THE HAUNTING OF AMBASSADOR JEFFERSON, ACT 4

Cast of Characters

Sally Hemings: Slave woman aged 16, owned by Thomas Jefferson, serving in Paris as house servant and chamber servant to Jefferson daughter, Polly.

John Adams: American ambassador to England; known to be residing in London, his appearance here is a mystery.

Thomas Jefferson: American ambassador to France.

Shade of Martha Jefferson: Ghost of Mrs. Jefferson, deceased wife of Thomas.

First Voice: English speaking collaborator of French revolutionaries.

Second Voice: A French revolutionary.

Shade of Abraham Lincoln: Ghost of America’s 16th President; dressed entirely in black, with knee length cape, top hat and cane; featureless though bearded.

 

Setting

Various locations around pre-revolutionary Paris, France.

Time

 

Act begins late July 4, 1789 - ten days before fall of the Bastille; ends near midnight.

 

Synopsis

Sally Hemings starts at appearance of John Adams who claims to be responding to her summons (mysteriously delivered.) Thomas Jefferson, American ambassador to France, emerges from residence at the urging of Adams. Shade of Martha Jefferson, late wife of Thomas, appears and leads Jefferson (who follows alone) down the broad Champs Elysess and eventually to a bower in the Place de Concorde, an extensive park in central Paris. Hunkered in the dark bower, the couple overhear a pair of conspirators plotting escalation of revolutionary activities. After their departure, Shade of Martha Jefferson warns Thomas Jefferson to flee France with their daughters and servants before imminent Reign of Terror. She indicates approaching Shade of Abraham Lincoln and disappears.

Scene 1

SETTING: Night outside the main entrance to

Jefferson residence, Hotel

de Langeac, on the Champ Elysess.

Bottom stage right is a wrought

iron city gate known as Grille de

Chaillot. It is partially covered

with a climbing plant now in full

flower. There is a lamppost left of

gate. The hotel is two stories, set

on a shallow slope, at the bottom

of which is a wrought iron fence. A

dozen steps lead from street to the

entrance. Breaking off from the

stairway to the left is a walkway

leading to a garden at the end of

the hotel. There the path winds

back behind a tree.

AT RISE: SALLY HEMINGS emerges from hotel

entrance bearing a candle. She

quietly closes door and quickly

descends to garden path, which she

walks halfway to the tree. JOHN

ADAMS emerges like an apparition

from behind tree, startling her.

 

 

SALLY HEMINGS

(Speaks while walking backward to far side of stair, coming to a halt. JOHN ADAMS advances in pace with her.)

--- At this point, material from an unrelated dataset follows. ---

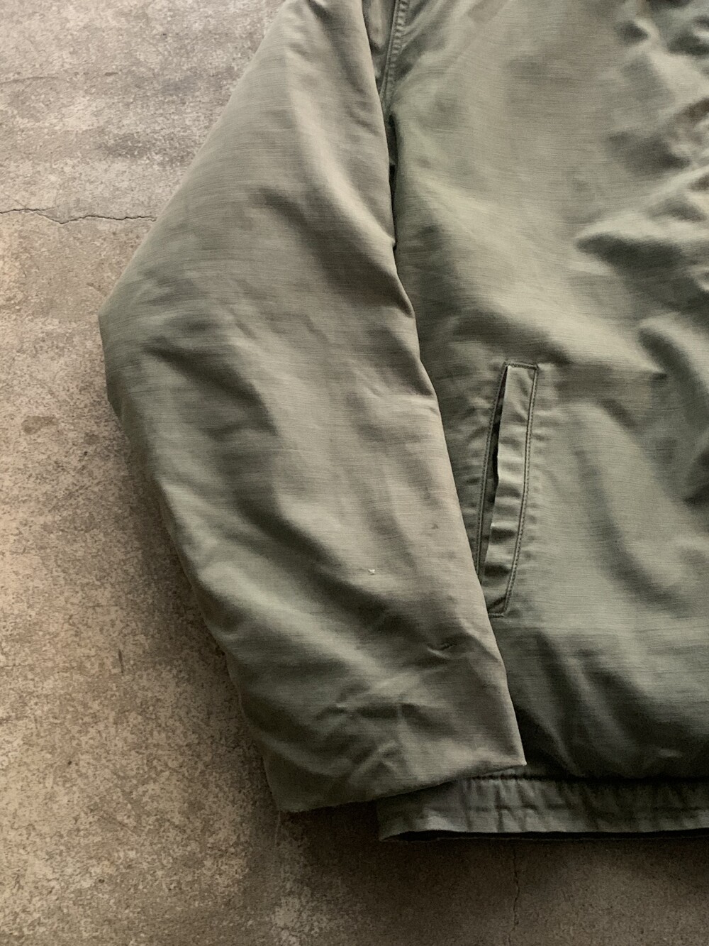🚩Detail 미 해군에게 지급되었던 N1 덱 자켓의 후속작으로 1970년대 처음으로 보급된 A2 덱 자켓입니다. 올리브 컬러의 코튼/나일론 혼방 원단과 나일론 라이닝, 밑단을 조여 방풍을 돕는 스트랩으로 기존의 덱 자켓보다 가볍고 효과적인 방풍을 돕는 용도로 개발된 제품입니다. 군복치고도 미니멀한 구성으로 다양한 착장에 활용하기 좋을만한 제품입니다.
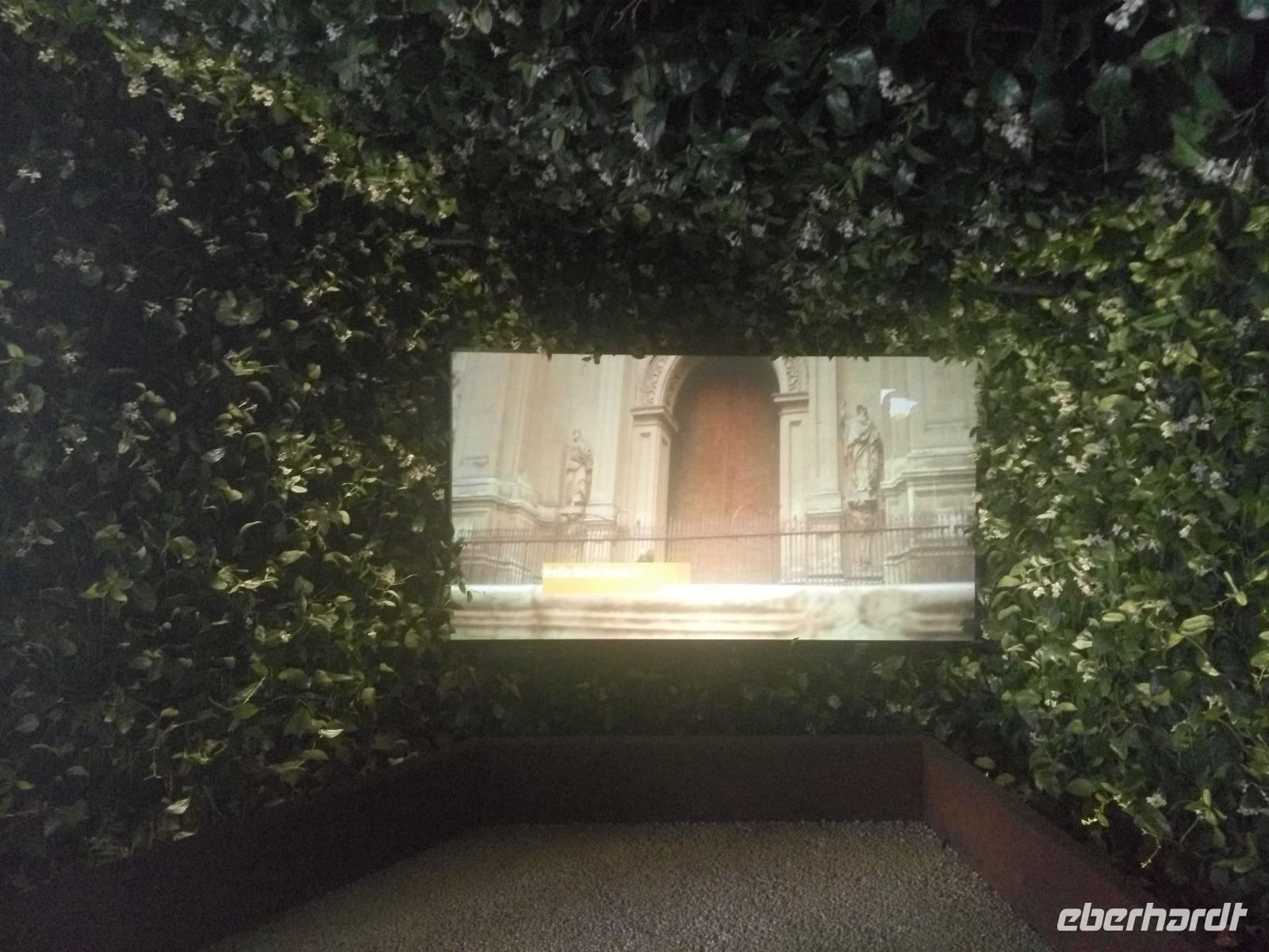 Nach diesem Besuch hat uns der Bus kurz zum Hotel gebracht, wo wir uns erholt haben. Dann ging es weiter zu der Stierkampfarena und unserem Restaurant für diesen Abend, Quinto Quinta. Mit dem Fahrstuhl haben wir die Etage erreicht, wo sich das Restaurant befindet. Auf dem Dach von Arena kann man das 360º Panorama von Barcelona sehen. Da der Abend ziemlich warm war, haben wir uns für den Platz draussen entschieden.

What figure lurks there in the shadow?

Shade or flesh, declare yourself! If flesh

be not deceived, I’m but a girl who serves

this house and carry naught of value on

my person. But alas, if shade!

JOHN ADAMS

(Continues gliding advance until on same stair as SALLY, where he stops.)

Nonsense.

The girl who serves this house must surely know

who has been summoned to it. Adams. John

to be precise, and shadow serves as cloak

and prudent mask to prying eyes unpried.

SALLY

Mr. Adams! So good of you to come.

Wouldst sit awhile?

ADAMS

By Heaven, no, Sally. I yet

perplex myself if this be chimera or fact.

These months have seen me not yet housed where I

had yearned to be, with Tom left here to tend

affairs of state more suited to his temper

in situ a place of Cleopatran baths

ADAMS (Cont.)

and dainties, welcome land of anything

that’s new. I left it. Now beseeching dark

(from you!) bids restoration to what I cared

to never see again.

SALLY

How can you doubt?

ADAMS

Well do I see the Champ

Elysess, the Grille de Chaillot barring ingress

even as it bears recline of fleur-de-lys

which paints the air on such a night as though

bid foppery while bringing somber news.

SALLY

None more somber than this moment’s errand.

You will see. If only Jemmy had come, too.

ADAMS

Saucy girl, don’t you know your place?

That’s Mr. Madison to you. Again I say

we both are met in nothing more than dream.

SALLY

Dreams indeed are what have brought us here,

though not conceived in torments of your head

or mine. No, Mr. Jefferson invites

the phantoms that parade this night. Dreams!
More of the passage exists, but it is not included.